Contesto afirmativamente la primera pregunta en lo que se refiere a su primera parte. Los ejemplos más banales del habla, precisamente por su carácter banal, ilustran el mundo empírico en su realidad y sirven para explicar lo que pensamos y hablamos sobre él: como lo hace el análisis de Sartre de un grupo de gente esperando un autobús o el análisis de Karl Kraus de la prensa diaria. Tales análisis son explicativos porque trascienden la inmediata concreción de la situación y su expresión. La trascienden hacia los factores que
hacen
la situación y determinan la conducta de la gente que habla (o está callada) en esa situación. (En los ejemplos que acabo de citar estos factores trascendentes están llevados a la división social del trabajo.) Así, el análisis no concluye en el universo del discurso ordinario, va más allá de él y abre un universo cualitativamente diferente cuyos términos pueden incluso contradecir al ordinario.
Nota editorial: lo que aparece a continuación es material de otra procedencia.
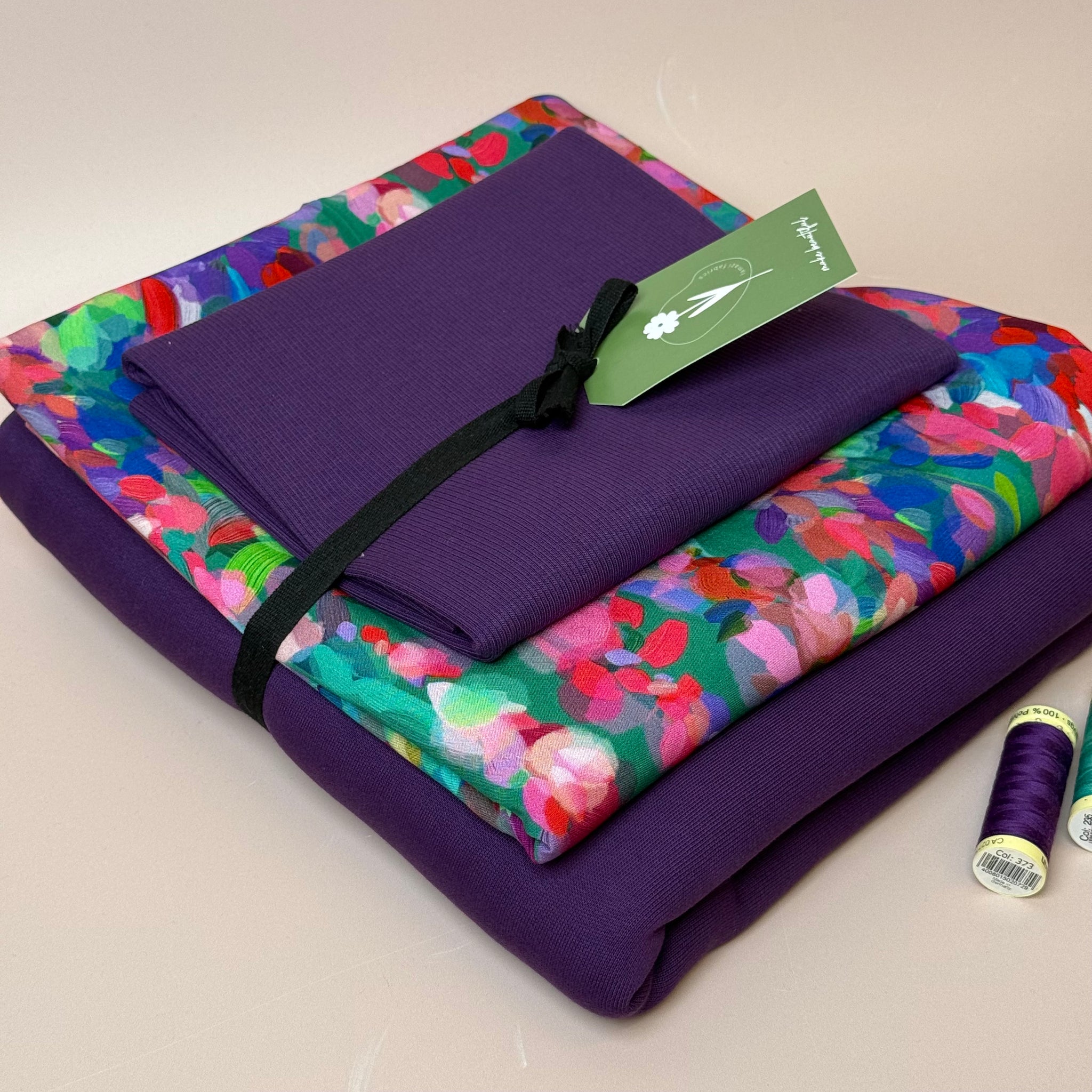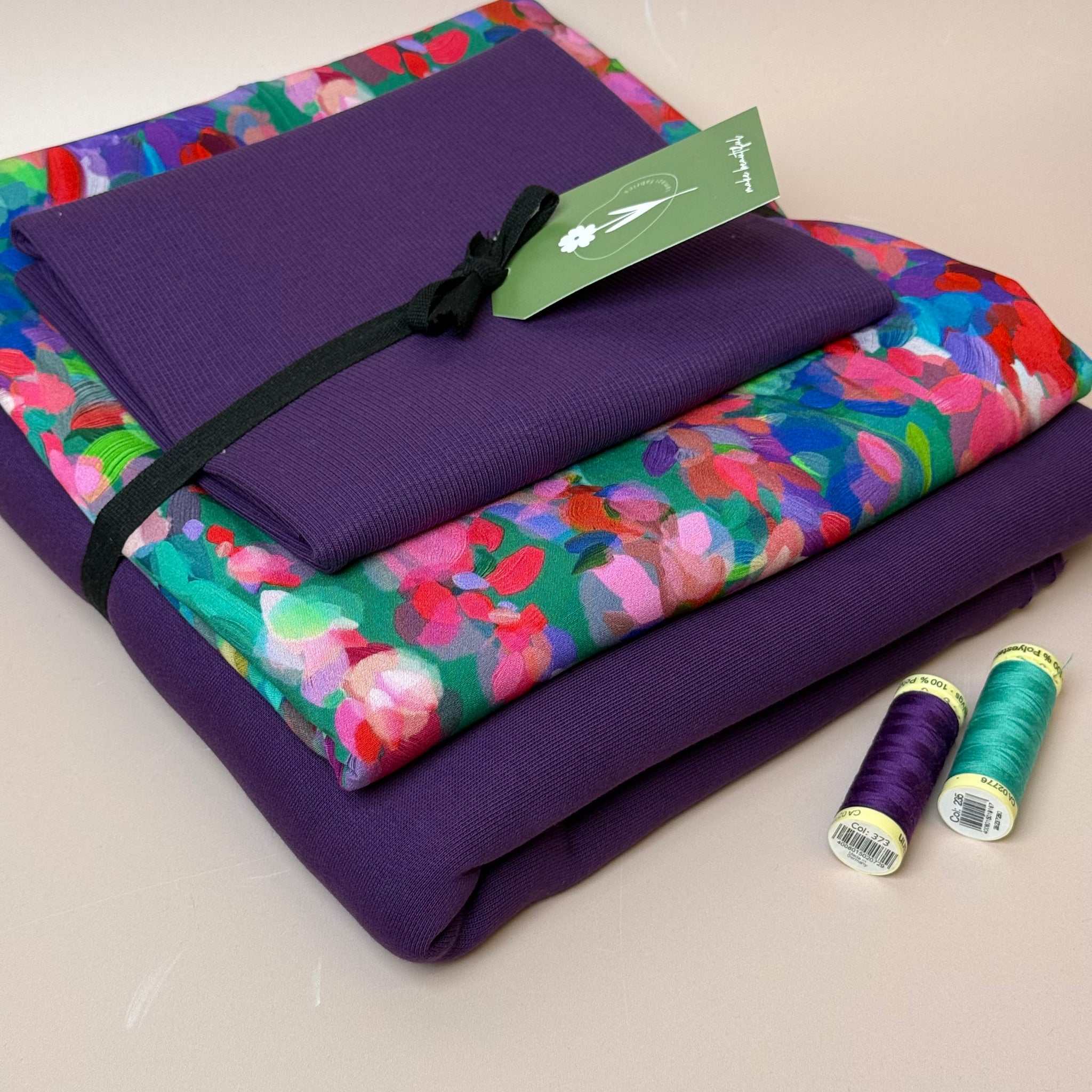 Make an Outfit Colour Bundle - Lupine Petals Viscose & Brushed Sweatshirt in Plum with Ribbing

Para emplear otro ejemplo: frases como «mi escoba está en el rincón» pueden aparecer también en la
Lógica
de Hegel, pero en ella serían reveladas como ejemplos inapropiados o incluso falsos. Serían sólo rechazos, sobrepasados por un discurso que, en sus conceptos, su estilo, su sintaxis, es de un orden diferente: un discurso para el que de ningún modo es «claro que cada frase en nuestro lenguaje "está en orden como es"».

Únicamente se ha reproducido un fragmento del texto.